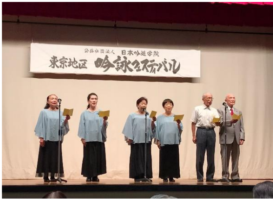
歌謡吟詠「故郷」合吟 吟詠フェスティバル
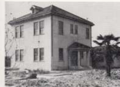
終戦直後の仮聖堂とその内部
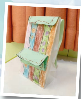
安泰幼兒中心 作者：洪栢希 作品名稱：我的新書包
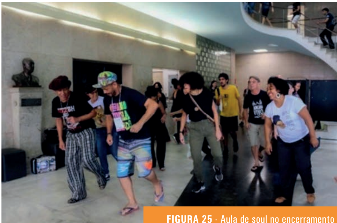
FIGURA 25 - Aula de soul no encerramento do curso, no hall da Escola de Arquitetura da UFMG
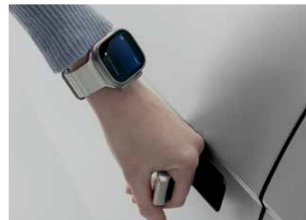
Digital Key 2.0 (ouverture & démarrage avec smartphone compatible) Point de raccordement Vehicle-to-Load intérieur (V2L)
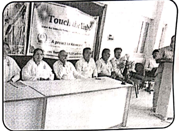
Opening of Touch the Light Centre
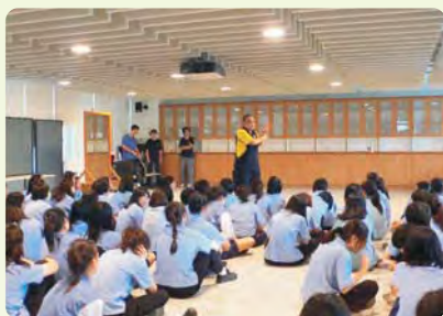
安全研習—女子防身術
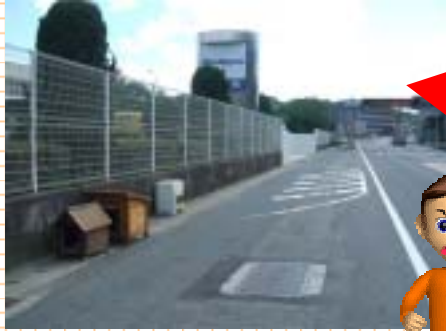
路上に放置された犬小屋と電気製品(国道2号)
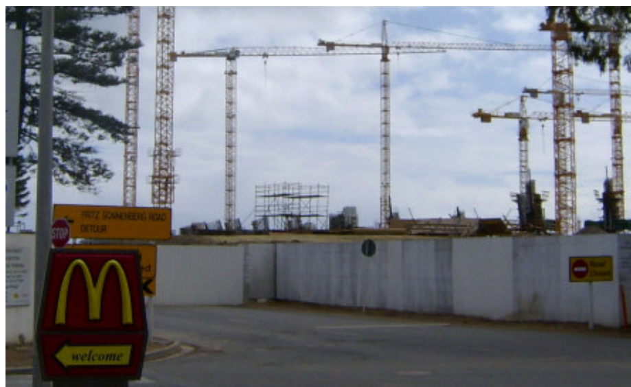
McDonald's Einfahrt vor der Baustelle des Kapstädter Fußballstadions für die 2010 WM.

Die Uniting Reformed Church in Southern Africa und die Evangelisch-reformierte Kirche in Deutschland verbindet nicht nur unser gemeinsames reformiertes Erbe, sondern auch der erfolgreiche Kampf gegen das Apartheidsregime in den achtziger Jahren. Zunehmend setzt sich jedoch sowohl in Südafrika als auch in

★ ★ ★ ★ ★

_Activity_
Leave the pictures out, and copy exactly each line from the one containing "Digital Key 2.0" through the final line of the data.

_The answer_
Digital Key 2.0 (ouverture & démarrage avec smartphone compatible) Point de raccordement Vehicle-to-Load intérieur (V2L)
Opening of Touch the Light Centre
安全研習—女子防身術
路上に放置された犬小屋と電気製品(国道2号)
McDonald's Einfahrt vor der Baustelle des Kapstädter Fußballstadions für die 2010 WM.

Die Uniting Reformed Church in Southern Africa und die Evangelisch-reformierte Kirche in Deutschland verbindet nicht nur unser gemeinsames reformiertes Erbe, sondern auch der erfolgreiche Kampf gegen das Apartheidsregime in den achtziger Jahren. Zunehmend setzt sich jedoch sowohl in Südafrika als auch in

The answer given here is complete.